For each gVCF file in the input directory, both chromosome-level and assembly-level statistics are calculated, and each has its own row in the table. The columns are as follows:

Column Description
taxa The sample name in the gVCF file
chrom The reference chromosome name. For assembly-level statistics this value is ALL
refLength The length of the reference sequence
numSNPs The number of SNP records in the gVCF file for the given chromosome
numIns The number of insertion records in the gVCF file
numDel The number of deletion records in the gVCF file
numNs The number of N's/ambiguous bases in the assembly alignment
numBasesInserted The number of bases inserted relative to the reference sequence
numBasesDeleted The number of bases deleted relative to the reference sequence
percentIdentityWithRef The proportion of bases relative to refLength that are the same base as the reference base
percentMappedToRef The proportion of bases relative to refLength that are present in a gVCF record
meanInsertionSize The mean size of insertion records
medianInsertionSize The median size of insertion records
largestInsertion The size of the largest insertion
meanDeletionSize The mean size of deletion records
medianDeletionSize The median size of deletion records
largestDeletion The size of the largest deletion
refRangesWithHaplotype The number of reference ranges with a non-missing haplotype in the hVCF file
haplotypesIdenticalToRef The number of haplotypes identical to a reference haplotype in the hVCF file

The last two columns, refRangesWithHaplotype and haplotypesIdenticalToRef require hVCF files to calculate, and are omitted if no hVCF files are present in the given directory. See the hVCF specification documentation for more details about the hVCF format.

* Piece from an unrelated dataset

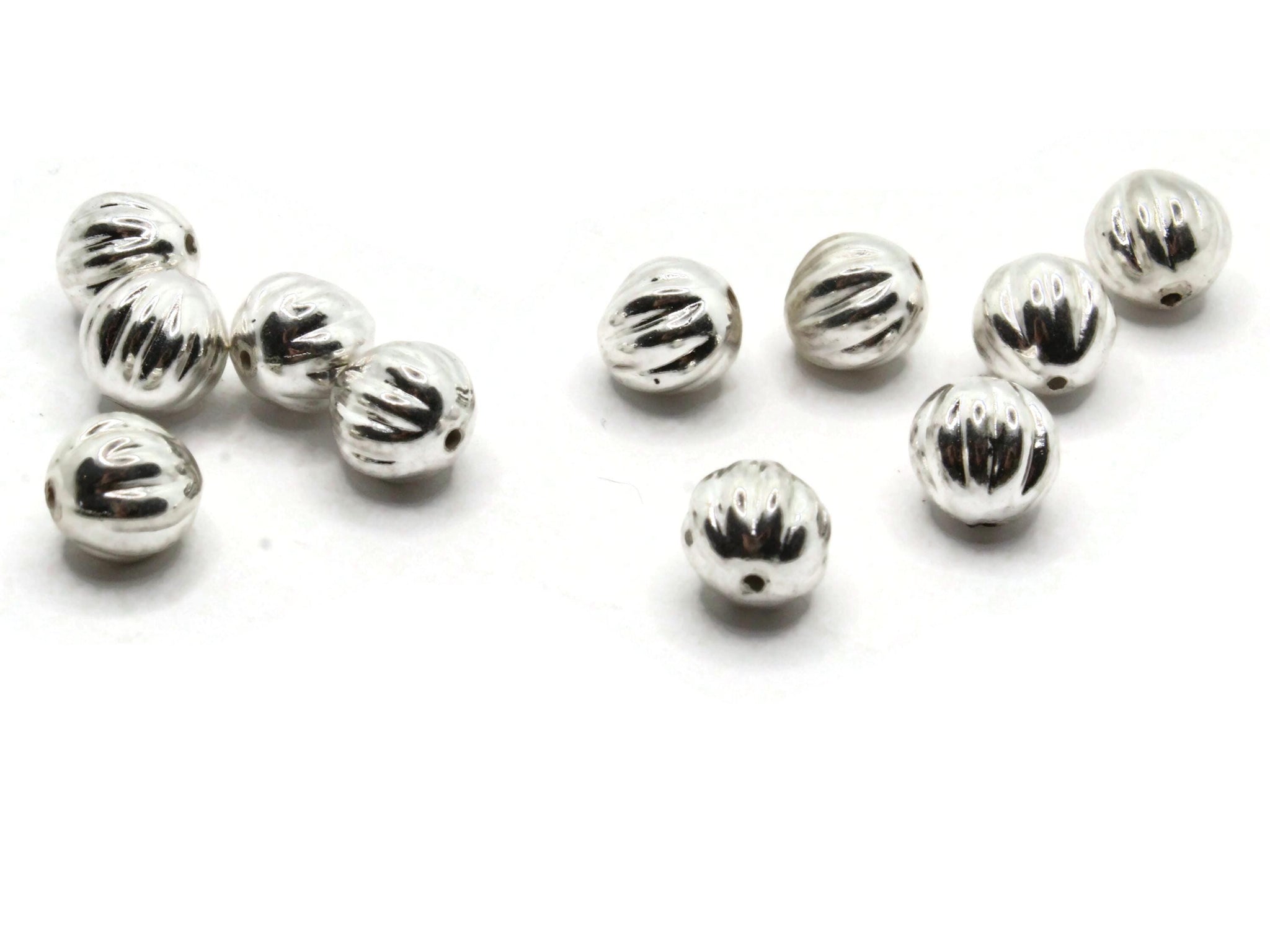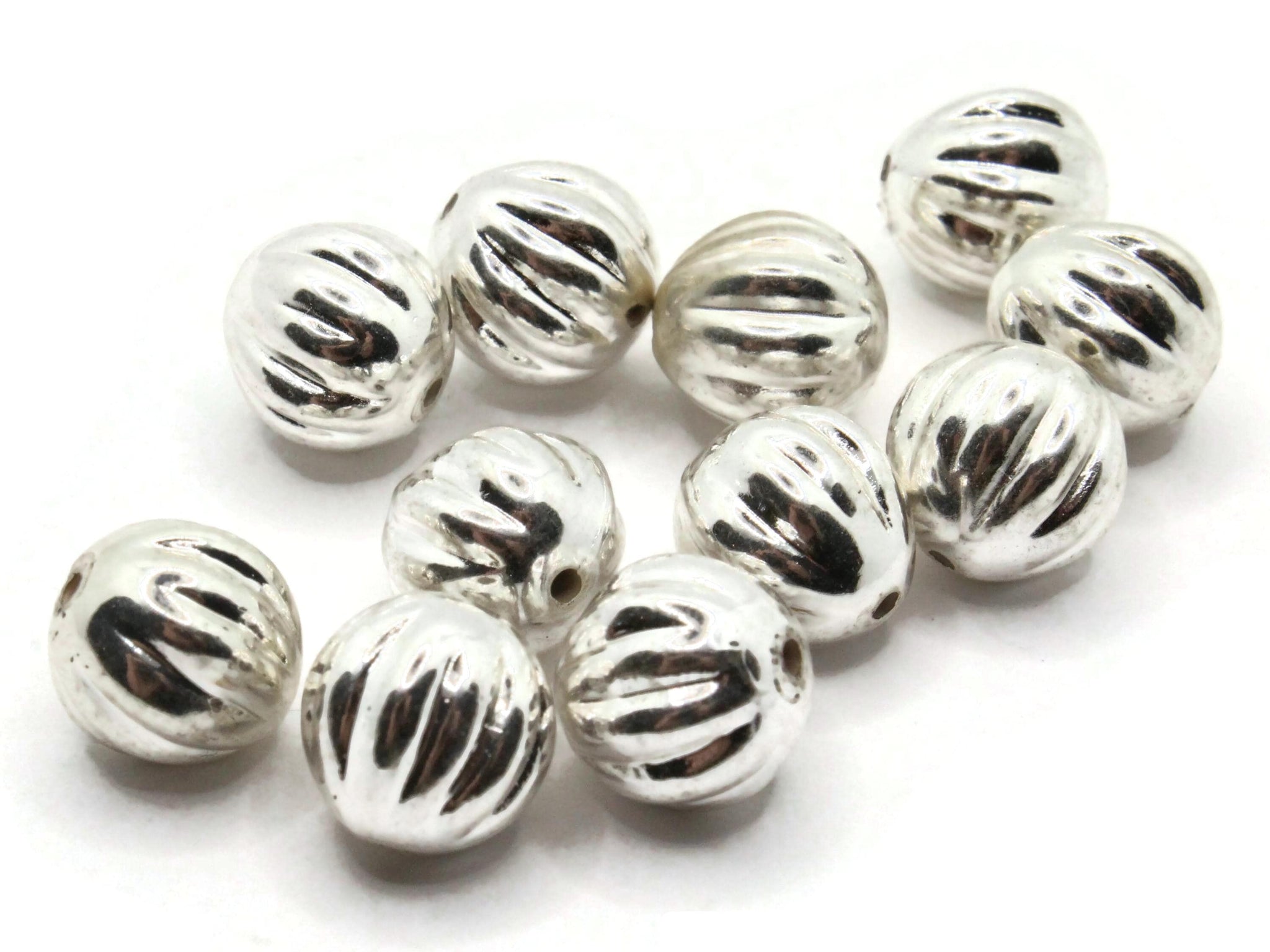 11 10mm Fluted Round Vintage Silver-Plated Plastic Beads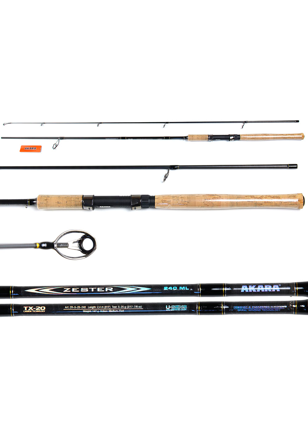 Спиннинг Akara Zester IM7 является двухколенным удилищем медленного строя и подходит для работы с приманками массой от 5 до 25 грамм. В собранном состоянии его длина составляет 2,4 метра. Бланк данного спиннинга изготовлен из композитного материала, обладающего высокой прочностью и обеспечивающего длительный срок службы удилища.

Terminology disambiguation

  • percentIdentityWithRef is roughly equivalent to the percentage of bases contained in gVCF reference blocks with non-missing genotypes. It also includes the padding base of each indel record if that base is the same as the reference
  • percentMappedToRef includes reference blocks, SNP records, and indel records. It is equivalent to the percentage of the reference covered by alignment blocks in the AnchorWave MAF files used to create the VCF files
  • refRangesWithHaplotype In general, most assemblies will produce haplotypes at most reference ranges. However, large deletions may span an entire reference range or more, resulting in a missing range. A large number of missing ranges may indicate a problem with the assembly or the alignment.